The following is based upon the special edition monograph published at the time of the Esherick House being offered for sale by auction in 2008.[i]
The Esherick House on Chestnut Hill in Philadelphia is a small, one-person, two storey box of stucco and stained timber that sits on six acres of established garden. Considered by some to be Kahn’s most important residential work, this deceptively simple residence contains forays into architectural trope that can be tracked in later, much larger works by the architect.
Among these are the management of geometry and natural light and a rigorous plan which is carefully composed into “four” rectilinear rooms or spaces divided into a pair on each level separated by the main stair in plan and section. Further, an accompaniment of “servant” spaces is attached to one side of the composition. Actually, it’s not four primary rooms because one whole half of the composition is a double height space over the Living Room. In effect there are three primary spaces rather than four rooms.

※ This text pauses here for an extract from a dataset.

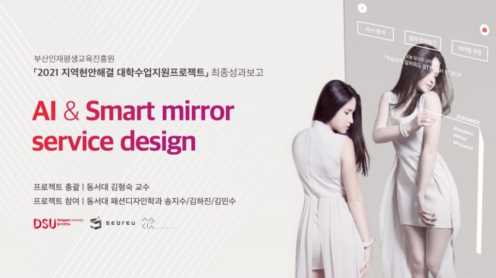 ‘AI기반 패션스마트미러 서비스디자인’은 인공지능 기업과 연계한 산학교과목으로 부산지역 패션 매장의 환경개선과 디지털화를 통해 소상공인을 지원하는 것을 목표로 했다.

In this house an increased depth of the north and south facades materialises from a pochéd interpretation of wall, recessed/projecting windows, wall storage and structural blades. It is thus an excursion into the layered wall treatments of much of Kahn’s later work as is the use of natural light achieved through the combination of large glass areas on the south wall and recessed vertical slits of window on the north.
The house also reveals the direct physicality of materials that is consistently found in Kahn’s work. An intentionally limited external palette of stucco, concrete and stained timber is extended inside with stained timber and plaster the being most contributive to a set of sophisticated spaces. All these materials are ancient, minimally transformed and manipulated in a craft manner rather than by being overtly machine produced. For example, the staircase in apitong (a teak-like African timber) was constructed by a Japanese joiner to Kahn’s design which seemingly combined aesthetic strains from both the Japanese and the Shaker traditions.
Significantly, the publisher commissioned Todd Eberle, whose photographic work includes many things other than architecture, to produce a set of twenty eight images for the special edition including many detailed pictures. These are abundant in colour, tone and detail but offer an austere interpretation of Kahn’s work at the same time.